PK08 Concentration (μg/L)
"""
dv ~ @. Normal(cp, sqrt(cp^2 * σ²_prop))
end
end``````
``````PumasModel
Parameters: tvcl, tvvc, tvq, tvvp, Ω_cl, Ω_vc, Ω_q, Ω_vp, σ²_prop
Random effects: η_cl, η_vc, η_q, η_vp
Covariates:
Dynamical system variables: Central, Peripheral
Dynamical system type: Matrix exponential
Derived: cp, dv
Observed: cp, dv``````

## 6 Initial Estimates of Model Parameters

The model parameters for simulation are the following.
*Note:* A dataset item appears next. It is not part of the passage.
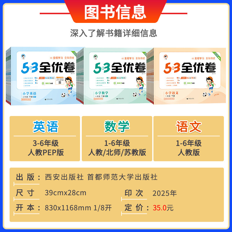 期末复习冲刺100分 北师大苏教五三5.3小学生全套同步测试卷单元 2026春秋版 53全优卷一二三四五六年级上下册语文数学英语人教版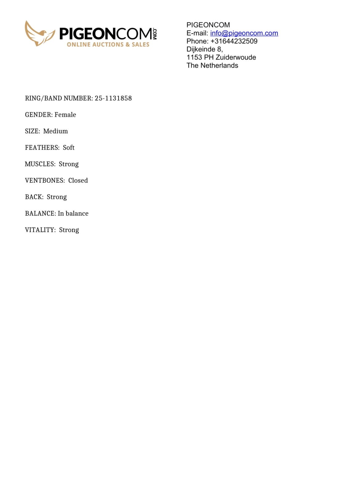 Mother = daughter of “SPECIAL MARNOUK” 25 National Perpignan (1st Dutch.National yearling)– direct Batenburg van de Merwe

Note that `tv` represents the typical value for parameters.

• `CL` - Clearance (L/hr),
• `Vc` - Volume of Central Compartment (L),
• `Vp` - Volume of Peripheral Compartment (L),
• `Q` - Inter-departmental clearance (L/hr),
• `Ω` - Between Subject Variability,
• `σ` - Residual error
``````param = (
tvcl = 6.6,
tvvc = 53.09,
tvvp = 57.22,
tvq = 51.5,
Ω_cl = 0.01,
Ω_vc = 0.01,
Ω_q = 0.01,
Ω_vp = 0.01,
σ²_prop = 0.047,
)``````

## 7 Dosage Regimen

Dosage Regimen - 100 μg or 0.1 mg of IV bolus.

``ev1 = DosageRegimen(100, time = 0, cmt = 1, evid = 1, addl = 0, ii = 0)``
1×10 DataFrame
Row time cmt amt evid ii addl rate duration ss route
Float64 Int64 Float64 Int8 Float64 Int64 Float64 Float64 Int8 NCA.Route
1 0.0 1 100.0 1 0.0 0 0.0 0.0 0 NullRoute

## 8 Single-individual that receives the defined dose

``sub1 = Subject(id = 1, events = ev1)``
``````Subject
ID: 1
Events: 1``````

## 9 Perform Single-Subject Simulation

Simulate the plasma concentration-time profile with the given observation time-points for a single subject.

Initialize the random number generator with a seed for reproducibility of the simulation.

``Random.seed!(123)``

Define the timepoints at which concentration values will be simulated.

``````sim_s1 = simobs(
pk_08_05,
sub1,
param,
obstimes = [
0.08,
0.25,
0.5,
0.75,
1,
1.33,
1.67,
2,
2.5,
3.07,
3.5,
4.03,
5,
7,
11,
23,
29,
35,
47.25,
],
)``````
``````SimulatedObservations
Simulated variables: cp, dv
Time: [0.08, 0.25, 0.5, 0.75, 1.0, 1.33, 1.67, 2.0, 2.5, 3.07, 3.5, 4.03, 5.0, 7.0, 11.0, 23.0, 29.0, 35.0, 47.25]``````

## 10 Visualize Results

``````@chain DataFrame(sim_s1) begin
dropmissing(:cp)
data(_) *
mapping(:time => "Time (hours)", :cp => "Concentration (μg/L)";) *
visual(Lines; linewidth = 4)
draw(;
figure = (; fontsize = 22),
axis = (;
yscale = log10,
xticks = 0:4:48,
yticks = map(i -> round(10^i, sigdigits = 1), -1:0.5:1),
),
)
end``````

## 11 Perform a Population Simulation

We perform a population simulation with 48 participants, and simulate concentration values for 72 hours following 6 doses administered every 8 hours.

This code demonstrates how to write the simulated concentrations to a comma separated file (`.csv`).

``````par = (
tvcl = 6.6,
tvvc = 53.09,
tvvp = 57.22,
tvq = 51.5,
Ω_cl = 0.04,
Ω_vc = 0.09,
Ω_q = 0.169,
Ω_vp = 0.0225,
σ²_prop = 0.0497,
)

ev1 = DosageRegimen(100, time = 0, cmt = 1, evid = 1, addl = 5, ii = 8)
pop = map(i -> Subject(id = i, events = ev1), 1:48)

Random.seed!(1234)
pop_sim = simobs(pk_08_05, pop, par, obstimes = 0:1:72)

pkdata_08_sim = DataFrame(pop_sim)

#CSV.write("pk_08_05_sim.csv", pkdata_08_sim)``````

## 12 Conclusion

This tutorial showed how to build a two compartment model and perform a single subject and population simulation.